* [Work to complete] Only the lines below from the one containing "Die route ist" through the one containing "Пожарно-спасательная часть №46" belong in the answer, repeated exactly and without pictures.

* [Dataset records]
[Start of section]

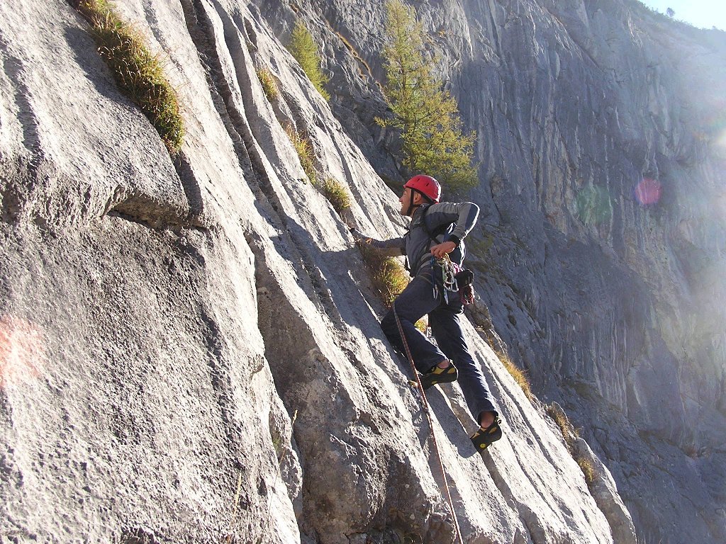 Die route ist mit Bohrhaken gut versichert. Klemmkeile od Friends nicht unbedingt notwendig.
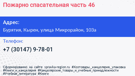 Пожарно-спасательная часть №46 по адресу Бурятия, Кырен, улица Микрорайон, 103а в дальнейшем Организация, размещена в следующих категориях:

[End of section]
[Start of section]

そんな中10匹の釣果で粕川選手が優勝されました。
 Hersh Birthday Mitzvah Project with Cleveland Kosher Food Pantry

[End of section]

* [The answer]
 Die route ist mit Bohrhaken gut versichert. Klemmkeile od Friends nicht unbedingt notwendig.
 Пожарно-спасательная часть №46 по адресу Бурятия, Кырен, улица Микрорайон, 103а в дальнейшем Организация, размещена в следующих категориях:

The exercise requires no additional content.